_Action item_
Take the listing from its first line through the line that contains "cobalt teal to" and please retype those lines exactly, leaving out the pictures.

+-------+

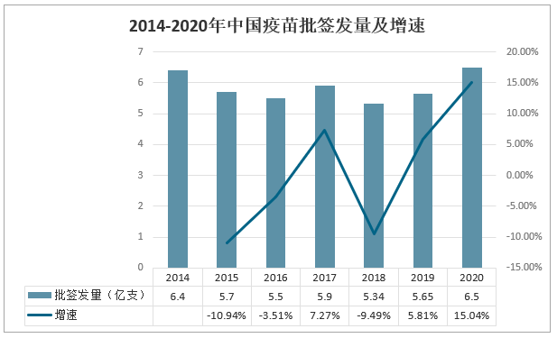 不同疫苗的生產時間各不相同,有的疫苗可能需要22個月才能生產出一個批次。疫苗的開發是一個漫長而復雜的過程,且成本很高。接種疫苗是預防和控制傳染病最經濟、有效的公共衛生干預措施,對于家庭來說也是減少成員疾病發生、減少醫療費用的有效手段。2020年中國疫苗批簽發量為6.5億支,同比增長15.04%。2014-2020年中國疫苗批簽發量及增速
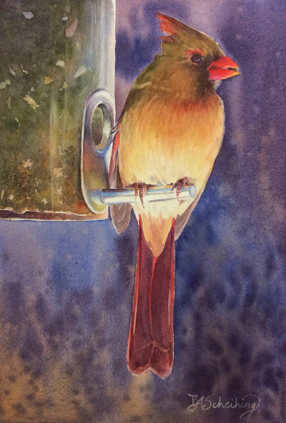 cobalt teal to it. It is VERY light.....don't be heavy handed with it.....remember we are downplaying this area. After this dries, I made a little heavy mix of the initial violet I used to paint the basket and put in some minute details.....adding a little more cobalt to darken towards the bottom. You might have to add a little yellow to tone down that violet shadow if you don't already have it in your mix.....don't make that shadowed violet too violety....(my word).
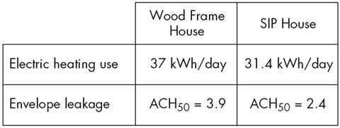 The houses were monitored with “simulated occupancy” prior to families moving in. The SIP house used 15% less electricity for heating and was 38% tighter (see Table 2).
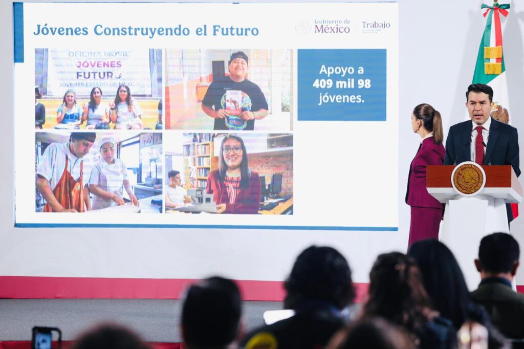 Puntualizó que este gobierno tiene un interés genuino por los jóvenes, por eso a través del Programa Jóvenes Construyendo el Futuro, a cargo de la Secretaría del Trabajo y Previsión Social, se otorga un apoyo mensual, capacitación, seguro médico y ofertas de trabajo a más de 409 mil personas.
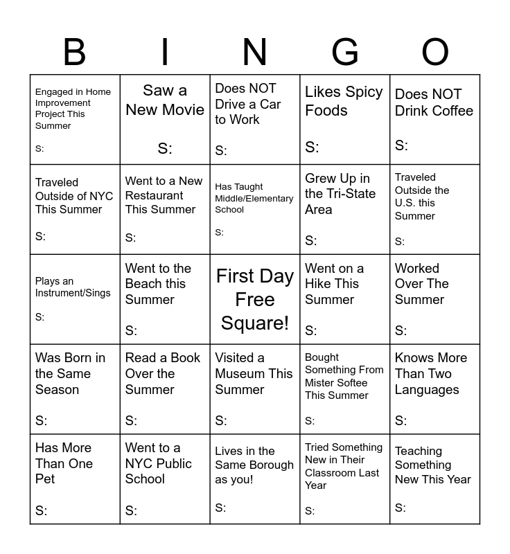 This bingo card has a free space and 24 words: Read a Book Over the Summer S:, Went to a NYC Public School S:, Has Taught Middle/Elementary School S:, Has More Than One Pet S:, Does NOT Drink Coffee S:, Engaged in Home Improvement Project This Summer S:, Traveled Outside of NYC This Summer S:, Saw a New Movie S:, Went on a Hike This Summer S:, Visited a Museum This Summer S:, Grew Up in the Tri-State Area S:, Plays an Instrument/Sings S:, Bought Something From Mister Softee This Summer S:, Knows More Than Two Languages S:, Went to a New Restaurant This Summer S:, Tried Something New in Their Classroom Last Year S:, Worked Over The Summer S:, Does NOT Drive a Car to Work S:, Traveled Outside the U.S. this Summer S:, Went to the Beach this Summer S:, Teaching Something New This Year S:, Was Born in the Same Season S:, Likes Spicy Foods S: and Lives in the Same Borough as you! S:.

+-------+

_Answer to this exercise_
 不同疫苗的生產時間各不相同,有的疫苗可能需要22個月才能生產出一個批次。疫苗的開發是一個漫長而復雜的過程,且成本很高。接種疫苗是預防和控制傳染病最經濟、有效的公共衛生干預措施,對于家庭來說也是減少成員疾病發生、減少醫療費用的有效手段。2020年中國疫苗批簽發量為6.5億支,同比增長15.04%。2014-2020年中國疫苗批簽發量及增速
 cobalt teal to it. It is VERY light.....don't be heavy handed with it.....remember we are downplaying this area. After this dries, I made a little heavy mix of the initial violet I used to paint the basket and put in some minute details.....adding a little more cobalt to darken towards the bottom. You might have to add a little yellow to tone down that violet shadow if you don't already have it in your mix.....don't make that shadowed violet too violety....(my word).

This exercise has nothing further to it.